Thats kind of the point, the ability to create the kind of joinery Terry demonstrates. No doubt this kind of work is achievable outside of an Incra system, but the time and setup involved would far exceed the speed and accuracy you can have with the Incra. Once you get the hang of the system, the same principles can be applied to other aspects of tabletop router work.....


----------



## ranman (Oct 27, 2017)

Thanks Bill. I knew there was something very special about the Incra. My question was asked because when I see something.... I just gots' ta know! 
What I am making is portable...... not lightweight and flimsy, but portable, so the Incra won't be something I'll include. It won't get used very often. The lift and router will come out of the table top as a unit. The router table top will rest on top of my fold up tablesaw table. (until I figure out a way to make sturdy portable legs) :laugh2: The router and lift weigh about 20# with the lift being 14# of that. Kind of a beast because it's all metal.


----------



## Terry Q (Mar 2, 2017)

hawkeye10 said:


> Terry we are a lot nicer and we would never say anything about someone being to wordy. Your joinery is awesome. Which Incra product are you using?




I have the Incra LS Positioner 25 with their super system fence. It requires a massively large router table. Truth be told, the only advantage of the LS25 over the LS17 is those rare circumstances where you really need to route a dado another 8 inches further from the end of your board. If I have lots of dados to run I usually use a dado stack on my table saw anyway.

After using the LS Positioner on my router table I decided to go for the same precision on my table saw so I bought one for that, even though my Jet Exacta came with a really nice Bessemer style fence with a second locking knob and micro adjust dial. It’s nice knowing that I can set the fence, make some cuts, change the fence and make more cuts, then change it back knowing the cuts are exactly the same width as the first time. I previously would cut all similar sized parts at the same time knowing that consistency is more important than an exact measurement. Now I don’t have to worry about it, I get consistent results with the right measurement even if I have to go back and cut more piece later. Another advantage of the LS Positioner on a table saw is when cutting really thin pieces, but we aren’t talking table saws here.

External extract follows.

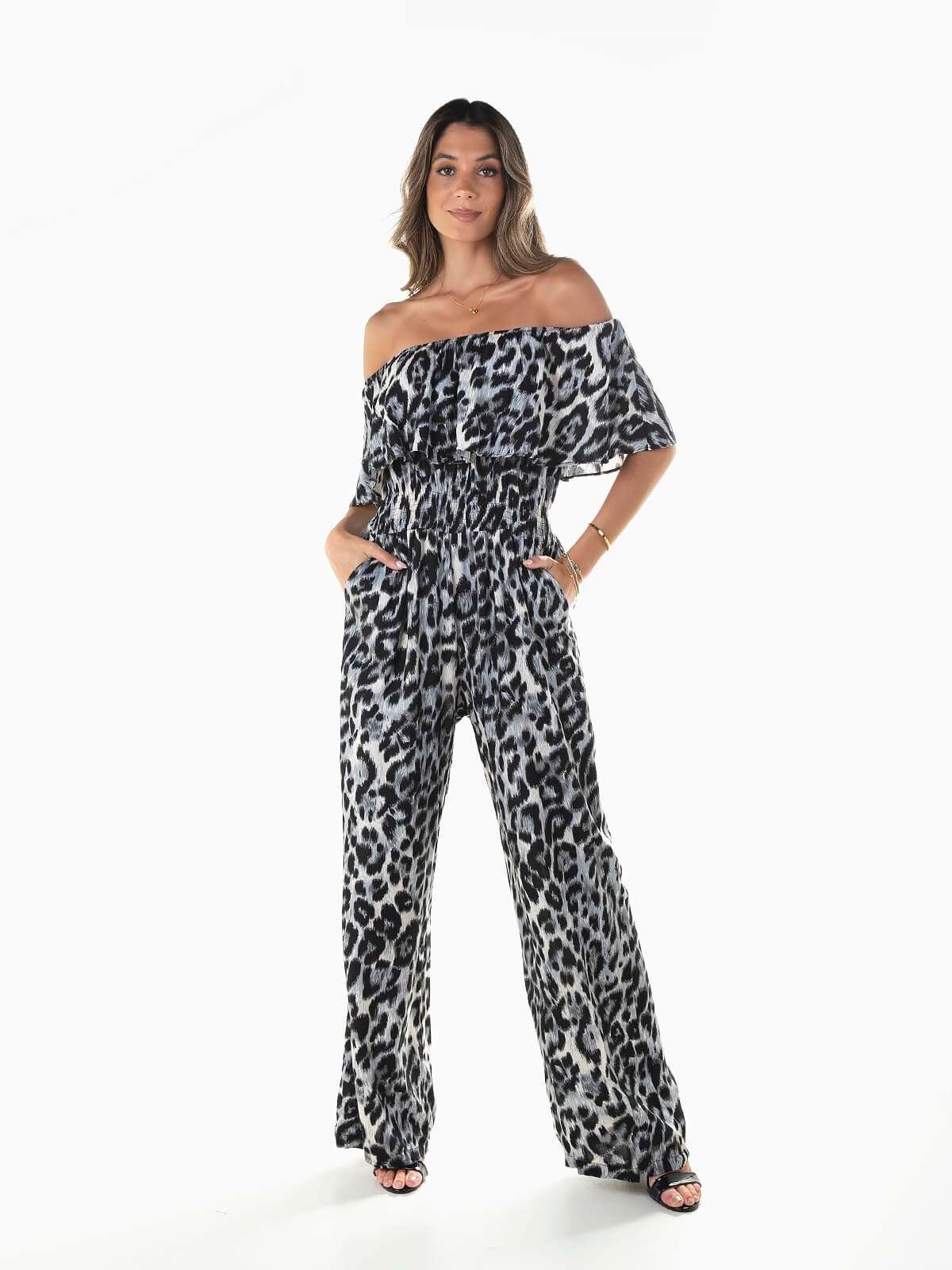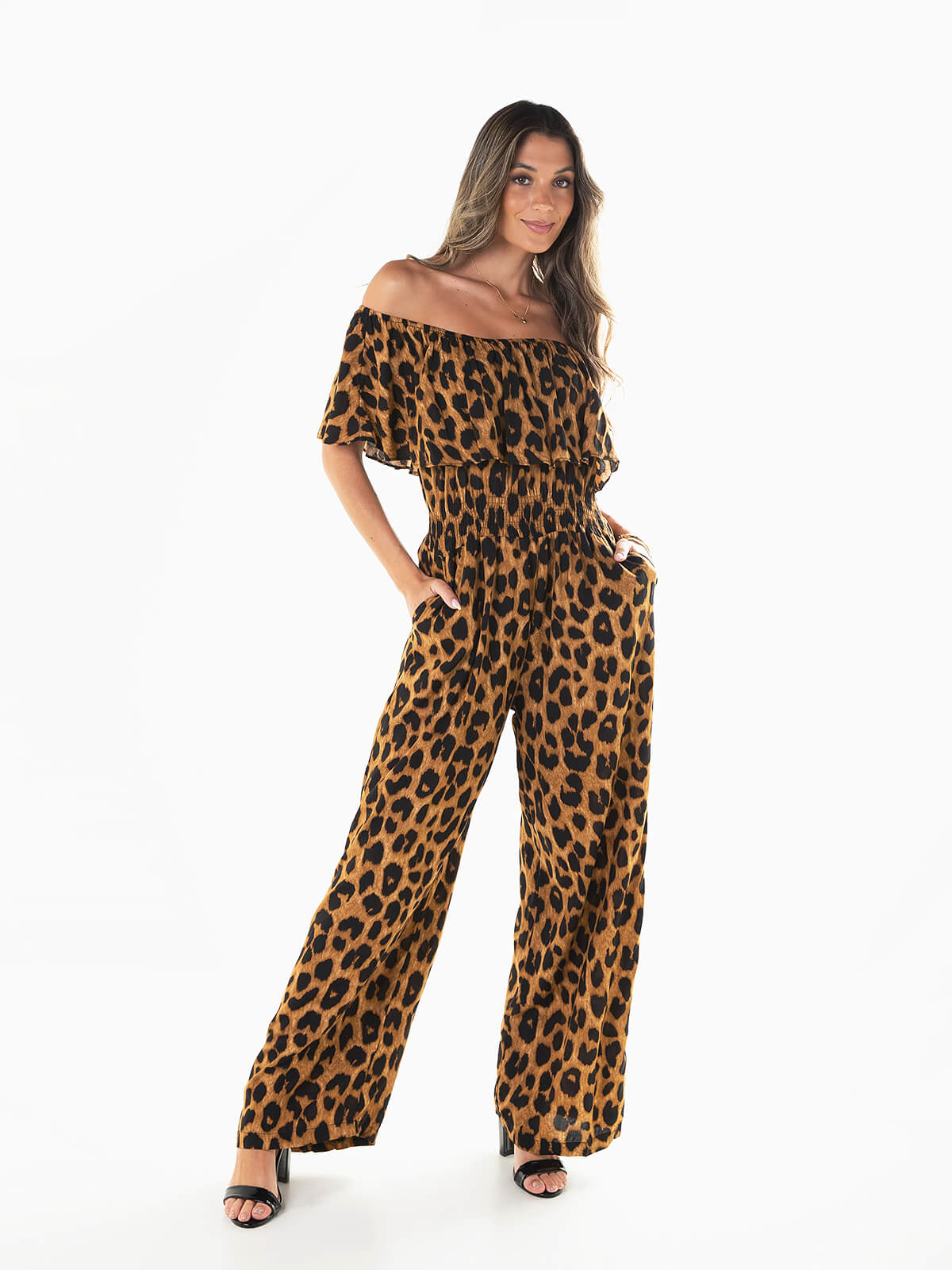 Macacão estampado leopardo com ombros descobertos e encaixe de folho. Macacão comprido em tecido fresco e fluído com pormenor franzido na cintura. Decote barco. 2 bolsos.

There is a third Incra product I really like for precise layouts and that’s the Incra T-rules. Very precise layout lines down to the 64th of an inch or 100th of an inch with the pro T-rules



In woodworking there is always more then one way to accomplish something.


----------



## ranman (Oct 27, 2017)

Terry Q said:


> I have the Incra LS Positioner 25 with their super system fence. It requires a massively large router table. Truth be told, the only advantage of the LS25 over the LS17 is those rare circumstances where you really need to route a dado another 8 inches further from the end of your board. If I have lots of dados to run I usually use a dado stack on my table saw anyway.
> 
> After using the LS Positioner on my router table I decided to go for the same precision on my table saw so I bought one for that, even though my Jet Exacta came with a really nice Bessemer style fence with a second locking knob and micro adjust dial. It’s nice knowing that I can set the fence, make some cuts, change the fence and make more cuts, then change it back knowing the cuts are exactly the same width as the first time. I previously would cut all similar sized parts at the same time knowing that consistency is more important than an exact measurement. Now I don’t have to worry about it, I get consistent results with the right measurement even if I have to go back and cut more piece later. *Another advantage of the LS Positioner on a table saw is when cutting really thin pieces, but we aren’t talking table saws here.*
> 
> ...


But you _can_, and especially so when you include the information you just did. :wink: I think most guys hate changing a saw setting, then trying to return to the same setting later. Good info and thanks for being "wordy" like me. >


----------



## Tagwatts (Apr 11, 2012)

Terry, 

As stated, you are doing craftsman work and what you show is just outstanding. I am sorry you feel you can not write a bit of a article to be read. Here and I can only speak for myself, but I would certainly enjoy reading about how you do what you do. Also, I would really enjoy a film or vid of your work. There have been some long posts here and I have yet to hear or see anyone complain. 
Thanks, for your post. 

Frank


----------